Sing Faster – The Stagehands’ Ring Cycle

USA, Jon Else (1999)

: Sing Faster - The Stagehands' Ring CycleI expected more from this stage crew-eye-view of Wagner’s Ring Cycle.  I regularly attend the opera and I’ve even endured a production of the Ring myself at Chicago’s Lyric, so I had an idea of what to expect here. However, a camera following stagehands as they push and pull set pieces around the stage, with an occassional comment about dating ballet dancers, does not an interesting documentary make.  After about ten minutes, you pretty much get the point that there’s a lot of down-time between 30-minute arias, especially when the entire production lasts 18 hours. Lots of time to play poker and knit booties! Yeah, and then what?

Part of the problem stems from the filmmaker’s treatment of the stagehands themselves.  Other than the guy who acts as a narrator, explaining what’s happening onstage, the crew remains anonymous. We need personalities, characters, humor to engage the audience. We don’t really get to know them, they don’t stand out as characters, and they don’t lend themselves to any arc of a story line. Granted, it’s a documentary, but it still needs to lead somewhere.  And with comments like, “I’ve never killed anyone, but in operas killing is fairly common,” the audience is treated to neither humor nor insight.

I was reminded of the films of Nicolas Philibert, a French filmmaker who creates deceptively simple, yet thoroughly captivating, documentaries; he just seems to just turn on the camera and capture an engaging testament of a place.  Louvre City (behind the scenes at the Louvre museum) and Animals (the restoration of the Zoology Gallery in the Natural History Museum in Paris) are similar to Sing Faster–they all follow people as they do their jobs in unusual public places, in a rare behind-the-scenes sort of way that the public doesn’t usually get to see. His non-intrusive, observant camera and careful editing create a narrative that is interesting and utterly engaging. I kept thinking throughout this film that Philipert could really have done something with this material.

Maybe if you’ve never seen how a stageplay works behind the scenes, this might be an interesting glimpse behind the curtain, but I got bored about half-way through when I realized that not much new was going to happen. By the end, I felt like the stagehands themselves, killing time until the final curtain.  [*]

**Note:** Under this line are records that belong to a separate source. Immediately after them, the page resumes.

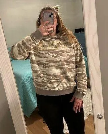 Women’s size medium Puma hoodie. Medium crop top sweatshirt. Tan and brown camo with gold Puma lette... Show more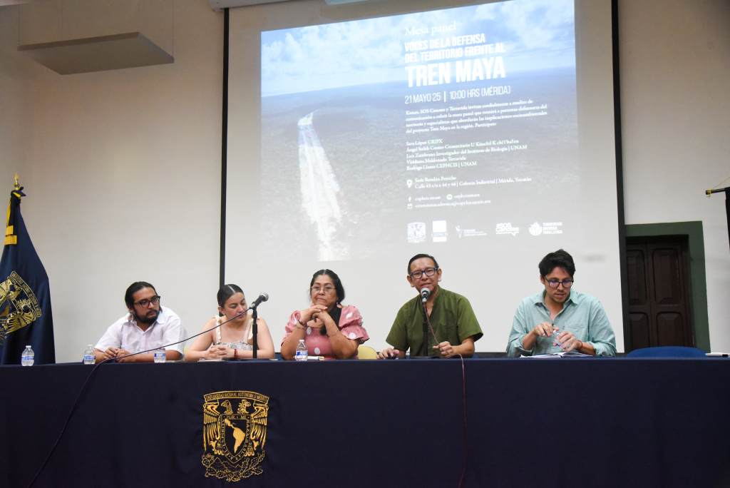 Lo anterior, durante su participación en la Mesa Panel “Voces de la defensa del territorio frente al Tren Maya” que se llevó a cabo en el Centro Peninsular en Humanidades y Ciencias Sociales (CEPHCIS) de la UNAM.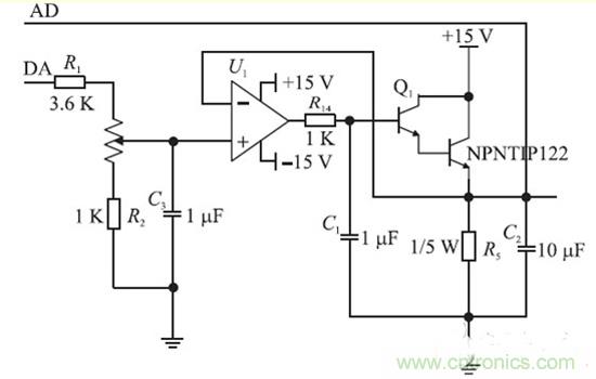 恒流源電路原理結構圖如圖2 所示,由于D/ A轉換輸出的模擬信號不穩定,加上C3 穩定電壓。經過3.6 K 的電阻和1 K 的電位器加到單運放OP07 的同相輸入端,調節電位器的阻值的大小可調節同相輸入端的電位,從而改變輸出點的電位,輸出電位加到達林頓管的B 管腳上,進入達林頓信號產生自激信號,通過C1過濾掉。利用達林頓管的電流放大特性,可實現大電流的輸出,電流放大倍數為1 000 ~15 000倍。

One thought on “Sing Faster – The Stagehands’ Ring Cycle

  1. I think part of the reason the documentary is so short is because at that time film was incredibly expensive to shoot in San Francisco. I was working in the local production industry (what there was of it), and the key issue at the time was finding money to rent equipment and buy film stock. That’s nothing new, but the cost of living in the Bay Area made it then (and still makes it now) prohibitively expensive.
    Not really an excuse, but perhaps an explanation. Still, mister Else is supposedly a journalism professor at UC Berkeley, and it might’ve helped him to add some conventional narrative and insights to the piece. But, I think his intent, money aside, may have been to give us a slice of life backstage, as opposed to a conventional “behind the scene” documentation.